>>507537447people don't really understand the kinda shit that two successive generations fighting megadeath industrialized wars generates. whole branches of families wiped out, men permanently traumatized and they never talked about it, and then the cold war meant a third one was expected to be fought in the next one or two generations. ptsd wasn't a recognized thing back then either (it's an over-recognized thing now, but that's neither here nor there). and remember, the generation that fought ww2 pretty much grew up during the great depression. we're talking brutal shit.

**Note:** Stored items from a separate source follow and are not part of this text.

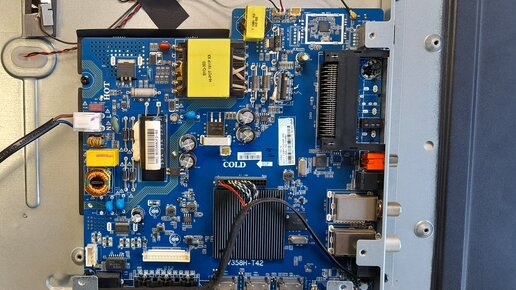 Всем здравствуйте! Сегодня у нас на ремонте телевизор DEXP H32E8000Q с диагнозом говорит но всё темно :) Его уже пару раз ремонтировали в сельской мастерской, а сейчас привезли к нам. Итак посмотрим что там с ним. И ещё будет один замер который не давал покоя , думаю многим :) А каком замере идёт речь я напишу ниже. Фото внутряночки майн плата cv358h-t42 Для приличия замерил напряжение на разъёме подсветки. В момент включения возникает всплеск до 65 вольт и плавное падение. Лезем в корыто. А там вот такое дело...
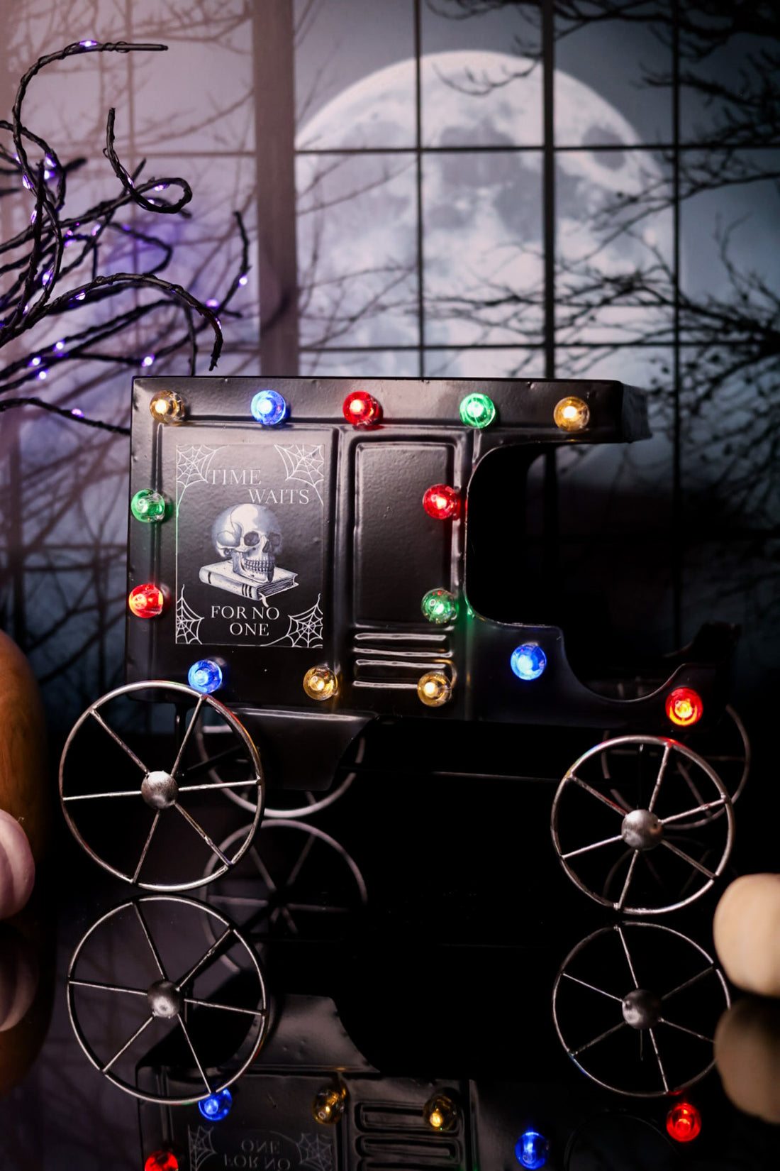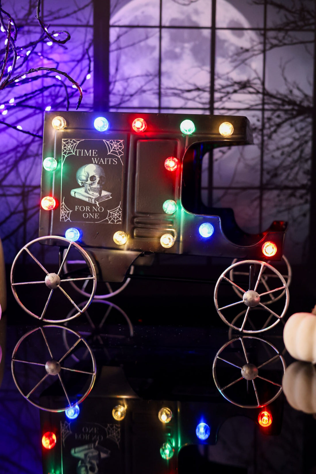 Add a spooky glow to your Halloween setup with the Glowing Black Hearst Tabletop Decor. Featuring eerie glowing lights along the edges and a bold skull graphic, it reminds everyone that "time waits for no one." Perfect for setting a hauntingly fun atmosphere at any gathering.
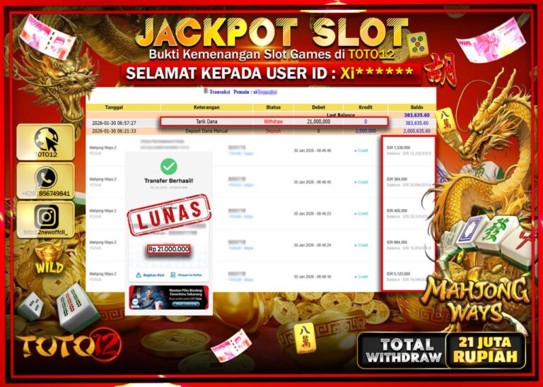 Selamat kepada Member Kami Xi****** Telah Jackpot dan berhasil mendapatkan kemenangan besar pada permainan JACKPOT SLOT GAME (MAHJONG WAYS) Dengan Kemenangan Sebesar Rp.21.000.000 –. Setelah mengisi Fomulir Withdraw dengan Kurang waktu 1-2 Menit Dana sudah kami Trasnfer kepada Pemilik Userid dan dana sudah dapat di cairkan oleh pemenang. Bukti Pembayaran yang TOTO12 berikan merupakan Bukti Pembayaran…
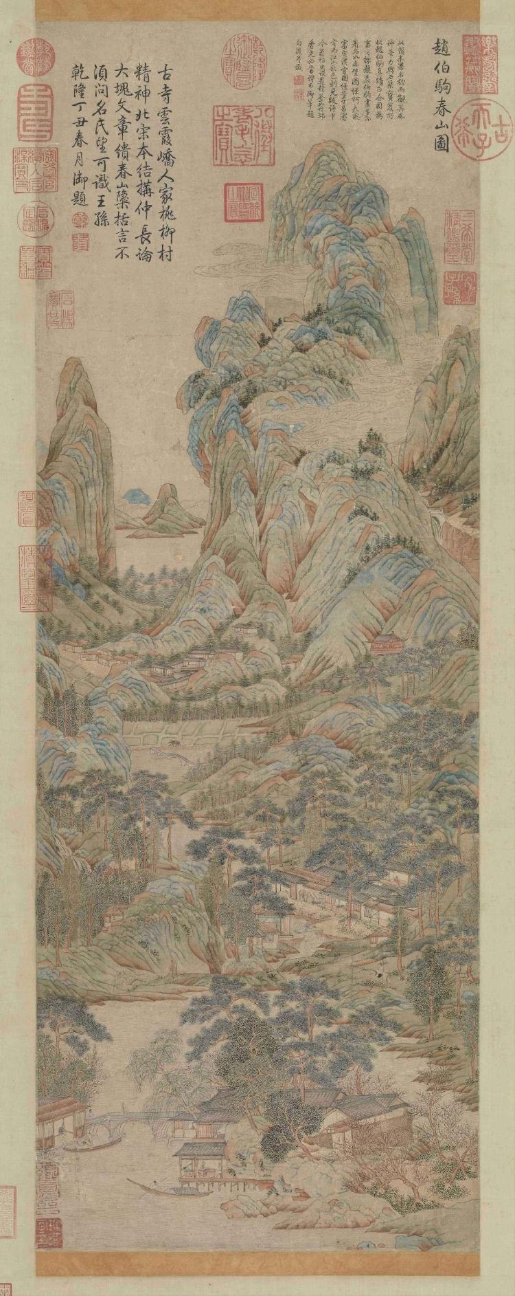 趙伯駒,字千里,宋室宗親,宋太祖的七世孫。官至浙東兵馬鈐轄。擅畫,人物、花卉、翎毛、山水皆精。山水取法唐李思訓父子而趨于精密,筆墨秀勁工致,著色清麗雅致,又能融合北宋以來水墨山水畫之精華,別開生面,很受宋高宗趙構(gòu)的重用?!洞荷綀D》保留了唐代青綠山水畫的風貌,全圖工整細麗、層次清晰、勾線凝練、造型準確,描繪了青山綠水、美不勝收的春山佳景,勾畫了山村田園風光和人們自給自足、悠然閑適、心情舒暢的幸福生活,表現(xiàn)了恬淡靜謐、閑適安逸、太平祥和的社會景象,表達了作者向往美好幸福家園的理想情感?!洞荷綀D》上沒有畫家的名款鈐印,卻有清乾隆皇帝的題跋和題詩,題詩云:“古寺云霞嶠,人家桃柳村。精神北宋本,結(jié)構(gòu)仲長論。大塊文章繢,春山檃括言。不須問名氏,望可識王孫。”

my grandfather (ww2) and great grandfathers (ww1) were vets. most 'old people' when i grew up were. they were a lot nicer to their grand kids than to their sons. i remember i was staying at a friends place and his granddad (vet) was visiting. sat at the other end of the sofa to my friend's father most of the day and they didn't say a word to each other the whole time. i wouldn't call that an uncommon scene.
boomers didn't have it exactly the way that /pol/ likes to think they did. it was prosperous compared to the great depression, but they were not sympathetically raised, the west started de-industrializing in the mid-60s and every western government treated them as a calculation for the expected ww3 and didn't pretend about it either. problem with talking to boomers now (as opposed to 30 years ago when they were middle aged) is that a lot of their recollections are clouded by end of life nostalgia. and i know this because i am gen-x and i've been talking to these people my whole life.
the 90s are looked back on fondly by a lot of people because it was basically breathing room. pic explains it quite succintly.